■ YOUR OBJECTIVE ■
Start at the line with "Non-fiction information follows" in the records below, stop at the line with "Первым делом нажимаем", and return every line in that span exactly, the two end lines included.

■ EXTRACTED RECORDS ■
##############################

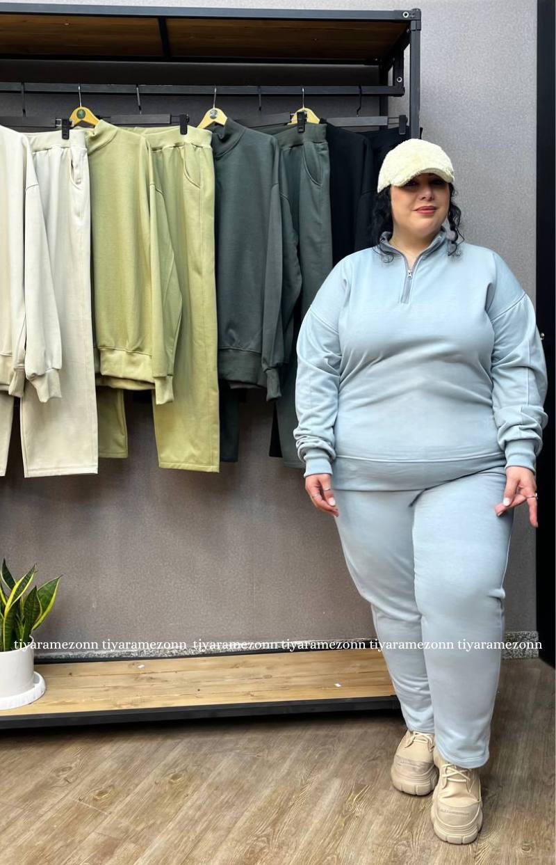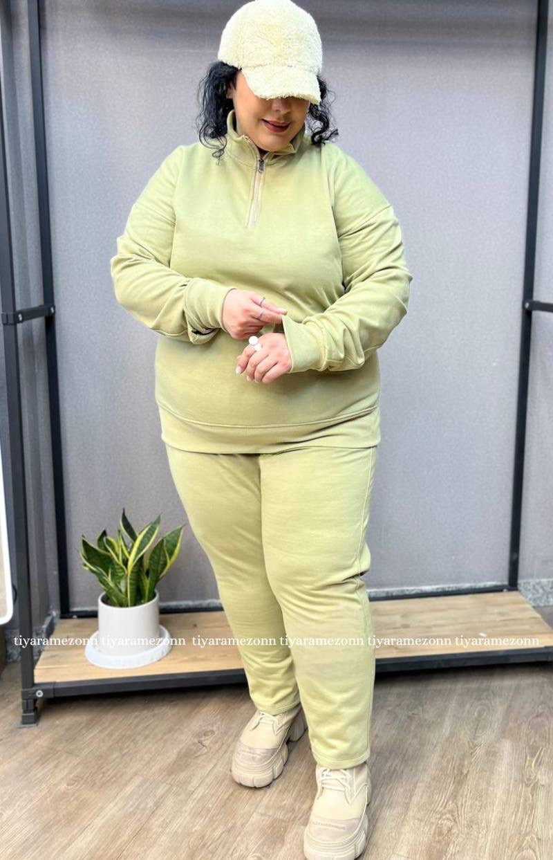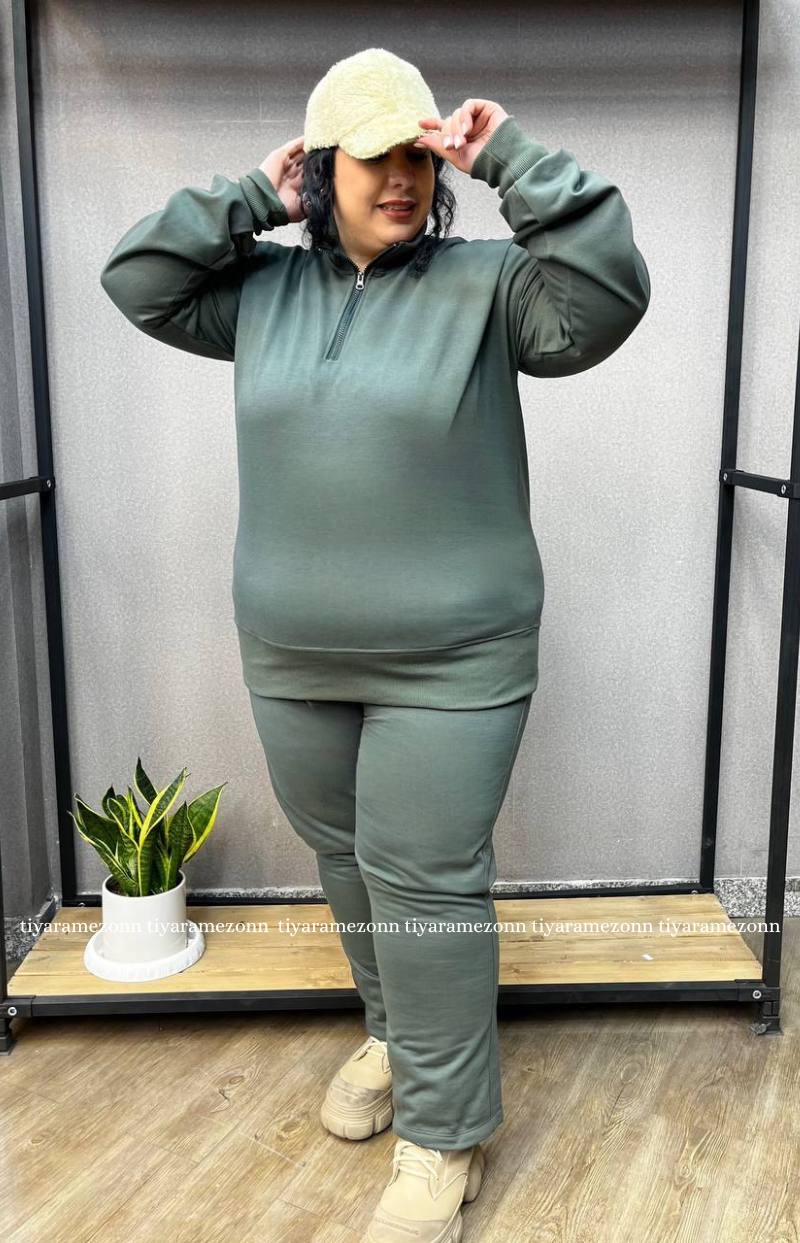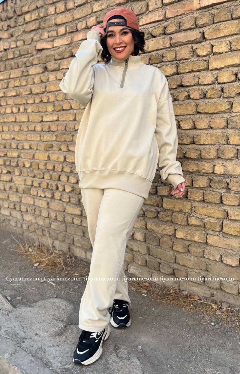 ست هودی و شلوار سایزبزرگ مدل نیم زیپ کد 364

##############################

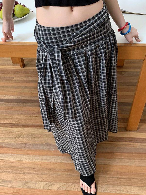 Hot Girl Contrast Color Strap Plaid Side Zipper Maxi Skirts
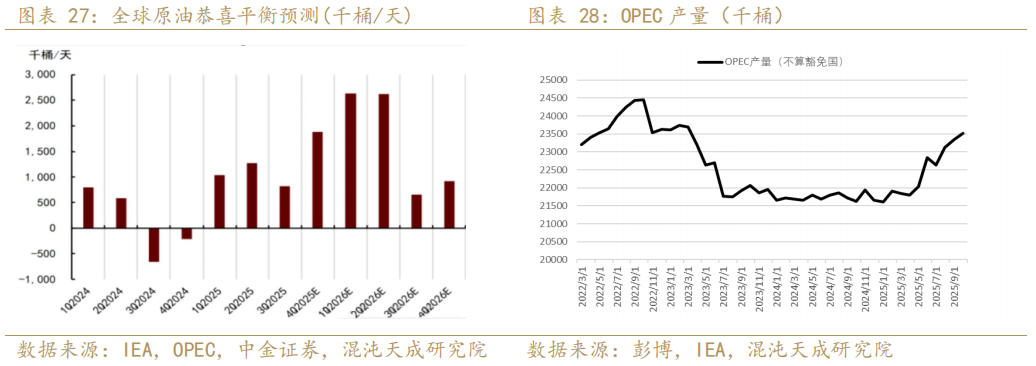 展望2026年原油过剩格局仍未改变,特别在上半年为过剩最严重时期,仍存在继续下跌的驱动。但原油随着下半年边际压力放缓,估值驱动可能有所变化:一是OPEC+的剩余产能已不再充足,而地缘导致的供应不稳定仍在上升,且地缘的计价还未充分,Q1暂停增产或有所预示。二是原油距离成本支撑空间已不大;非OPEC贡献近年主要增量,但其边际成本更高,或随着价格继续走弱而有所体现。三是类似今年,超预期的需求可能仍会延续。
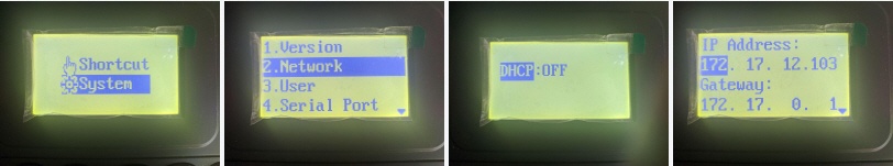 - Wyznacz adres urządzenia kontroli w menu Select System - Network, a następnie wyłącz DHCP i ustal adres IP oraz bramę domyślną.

##############################

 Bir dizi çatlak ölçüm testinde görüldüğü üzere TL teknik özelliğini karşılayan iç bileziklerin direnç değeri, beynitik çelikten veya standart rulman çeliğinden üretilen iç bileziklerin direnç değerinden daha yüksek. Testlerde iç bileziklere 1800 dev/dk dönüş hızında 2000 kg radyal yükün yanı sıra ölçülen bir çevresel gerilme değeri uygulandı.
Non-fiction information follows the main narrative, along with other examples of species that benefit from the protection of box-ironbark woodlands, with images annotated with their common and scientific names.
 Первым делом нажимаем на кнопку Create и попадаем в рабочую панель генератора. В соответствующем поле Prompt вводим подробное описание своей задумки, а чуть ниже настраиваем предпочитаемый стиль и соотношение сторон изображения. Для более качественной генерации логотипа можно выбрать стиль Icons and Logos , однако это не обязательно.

##############################

■ EXERCISE RESULT ■
Non-fiction information follows the main narrative, along with other examples of species that benefit from the protection of box-ironbark woodlands, with images annotated with their common and scientific names.
 Первым делом нажимаем на кнопку Create и попадаем в рабочую панель генератора. В соответствующем поле Prompt вводим подробное описание своей задумки, а чуть ниже настраиваем предпочитаемый стиль и соотношение сторон изображения. Для более качественной генерации логотипа можно выбрать стиль Icons and Logos , однако это не обязательно.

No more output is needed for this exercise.